Seven reasons you get sick while flying
With so many passengers in relatively close proximity to one another in the airport or on the aircraft, the risk of infectious disease transmission is certainly always a possibility.
Getting sick while traveling will undoubtedly put a huge damper on your vacation plans.
So, before boarding that next flight, remember some of the factors that may potentially contribute to illness while traveling and some key prevention tips and strategies.
Here are the common reasons you continue to fall ill while traveling:
Choosing the wrong seat.
Aisle or window seat? Which seat option do you think will increase your likelihood of getting sick?
Well, a study published in the Proceedings of the National Academy of Sciences earlier this year revealed that a window seat may indeed be the better seat choice to reduce your risk of coming in contact with germs and infectious pathogens.
It turns out that if you are seated in an aisle seat, you are more prone to come in closer proximity to other passengers walking through the aisles that may already be sick with various infections.
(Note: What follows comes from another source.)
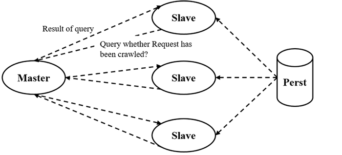 - the Slave produces requests and asks the Master whether a request has been crawled. If not, add it to the waiting queue in the Scheduler.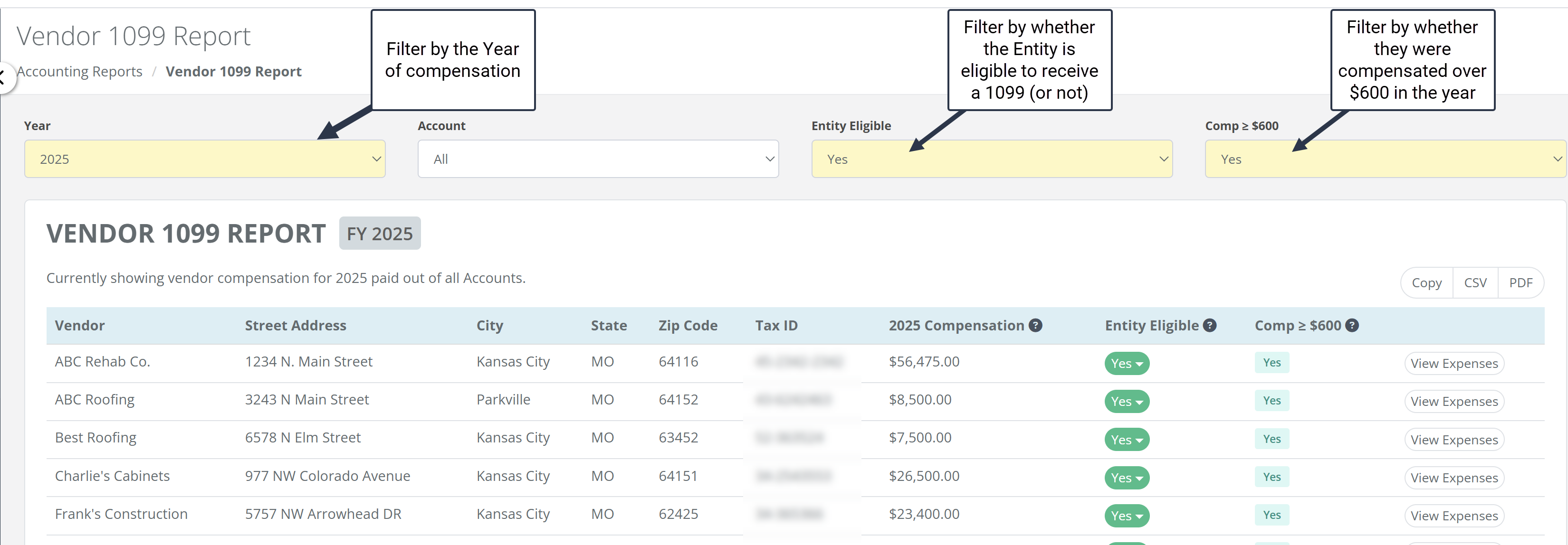 We believe in "trust, but verify." If a total looks higher or lower than you expected, click the View Expenses link next to the vendor's name. This will open a detailed breakdown showing every specific expense, project name, and date that makes up that vendor's total compensation for the year.

So, if aisle seats are typically your preference, you may want to give that option a second thought.
Staying seated the entire flight.
Be sure to avoid prolonged sitting during your next long flight. It’s imperative that you stand up and stretch your body throughout the course of the trip.
The longer you are seated, blood continues to pool in the lower extremities and may actually increase the likelihood of developing deep vein thromboses (DVTs), or blood clot formation in the veins of the legs.
Focus on your leg stretches and exercises while in flight.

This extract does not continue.